* Data provided:

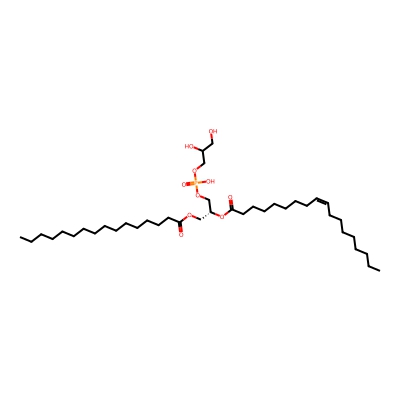 | CCSBASE_22257f5c3325712e8dad2fa74d20d01a | 16:0-18:1 PG | [M-H]- | 747.5181312 | 276.6 | CCCCCCCCCCCCCCCC(=O)OC[C@H](COP(=O)(O)OCC(CO)O)OC(=O)CCCCCCC/C=C\CCCCCCCC | Lipids and lipid-like molecules | -1 | 27 | TIMS | calibrated with ESI Low Concentration Tuning Mix (Agilent) | |
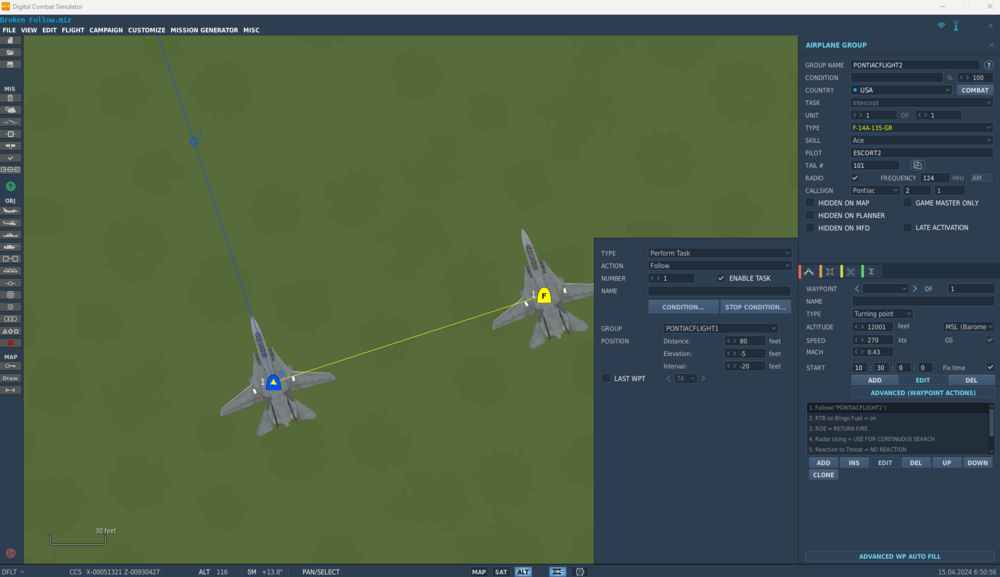 If there are 'hard' limits, then a) they should be communicated and b) the mission editor shouldn't allow you to set anything lower than those. However, I'd strongly suggest that any limits should be removed. If we want AI aircraft to fly very close (parade or aerobatic close formation) then we should be allowed to do so. These are supposed to be 80ft apart. They start that way, but immediately the AI aircraft that is FOLLOWING, spreads out, drops height and falls back into some default AI formation. Despite no formation data being specified on either aircraft. Broken Follow.miz ETA: This 'bug' or 'restriction' is present in all AI / NPC units, not just aircraft. Infantry and vehicles fall foul to this all the time.
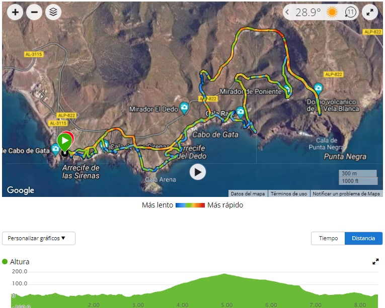 Este sendero parte del aparcamiento del Faro de Cabo de Gata y atraviesa toda la línea costera hasta ascender a la Torre de la Vela Blanca pasando por el Arrecife de las Sirenas, Cala Arena y Cala Rajá. Usaremos pequeños senderos en los que podremos contemplar la vegetación típica del Parque Natural así como formaciones geológicas curiosas. El ascenso hasta la torre vigía lo tomaremos a través de una pista de asfalto. Un vez allí, haremos una parada para reponer fuerzas. Reanudaremos la marcha deshaciendo camino y optaremos por descender utilizando una pista de tierra que nos llevará con un abrupto sendero hasta una carretera. Desde aquí, buscaremos el trazado de ida para alcanzar nuestro punto final.
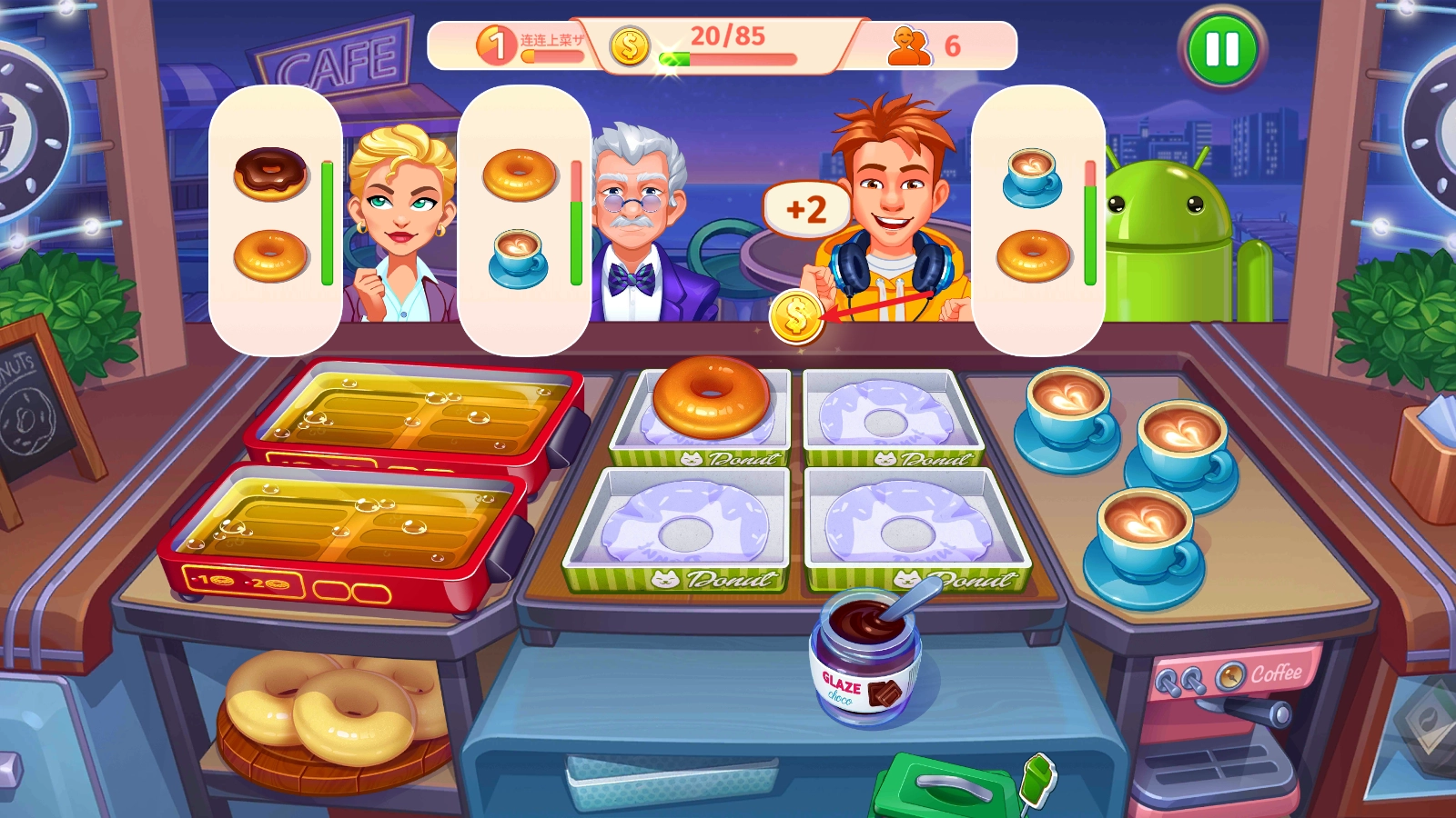 你是否渴望成为全球顶尖的大厨?那就来《疯狂大厨》里挑战一番吧!在这里,你能学习制作世界各地的美食,甜甜圈、披萨、汉堡、烧烤等,你想吃的这里都有!你需要在短时间内制作出尽可能多的美味佳肴,并且要满足客人的需求,这样才能获得更多的收入!当你积累了足够的资金,就可以解锁更多区域,制作更多种类的美食!
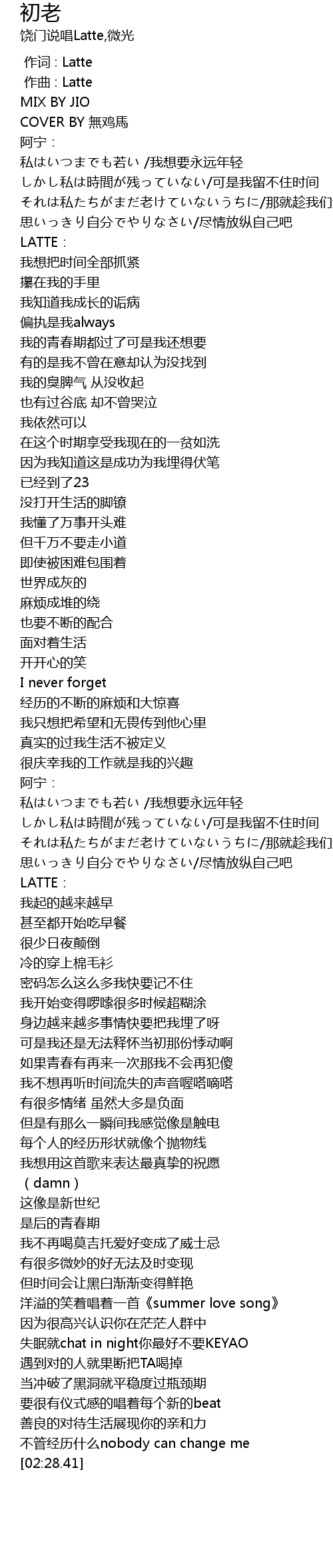 | [01:16.47] | sī lǎo nà jiù chèn wǒ men hái méi chè dǐ lǎo de shí hòu |

* Instructions for the task: Without the pictures, restate all the entries above exactly.

* Answer to the exercise:
 | CCSBASE_22257f5c3325712e8dad2fa74d20d01a | 16:0-18:1 PG | [M-H]- | 747.5181312 | 276.6 | CCCCCCCCCCCCCCCC(=O)OC[C@H](COP(=O)(O)OCC(CO)O)OC(=O)CCCCCCC/C=C\CCCCCCCC | Lipids and lipid-like molecules | -1 | 27 | TIMS | calibrated with ESI Low Concentration Tuning Mix (Agilent) | |
 If there are 'hard' limits, then a) they should be communicated and b) the mission editor shouldn't allow you to set anything lower than those. However, I'd strongly suggest that any limits should be removed. If we want AI aircraft to fly very close (parade or aerobatic close formation) then we should be allowed to do so. These are supposed to be 80ft apart. They start that way, but immediately the AI aircraft that is FOLLOWING, spreads out, drops height and falls back into some default AI formation. Despite no formation data being specified on either aircraft. Broken Follow.miz ETA: This 'bug' or 'restriction' is present in all AI / NPC units, not just aircraft. Infantry and vehicles fall foul to this all the time.
 Este sendero parte del aparcamiento del Faro de Cabo de Gata y atraviesa toda la línea costera hasta ascender a la Torre de la Vela Blanca pasando por el Arrecife de las Sirenas, Cala Arena y Cala Rajá. Usaremos pequeños senderos en los que podremos contemplar la vegetación típica del Parque Natural así como formaciones geológicas curiosas. El ascenso hasta la torre vigía lo tomaremos a través de una pista de asfalto. Un vez allí, haremos una parada para reponer fuerzas. Reanudaremos la marcha deshaciendo camino y optaremos por descender utilizando una pista de tierra que nos llevará con un abrupto sendero hasta una carretera. Desde aquí, buscaremos el trazado de ida para alcanzar nuestro punto final.
 你是否渴望成为全球顶尖的大厨?那就来《疯狂大厨》里挑战一番吧!在这里,你能学习制作世界各地的美食,甜甜圈、披萨、汉堡、烧烤等,你想吃的这里都有!你需要在短时间内制作出尽可能多的美味佳肴,并且要满足客人的需求,这样才能获得更多的收入!当你积累了足够的资金,就可以解锁更多区域,制作更多种类的美食!
 | [01:16.47] | sī lǎo nà jiù chèn wǒ men hái méi chè dǐ lǎo de shí hòu |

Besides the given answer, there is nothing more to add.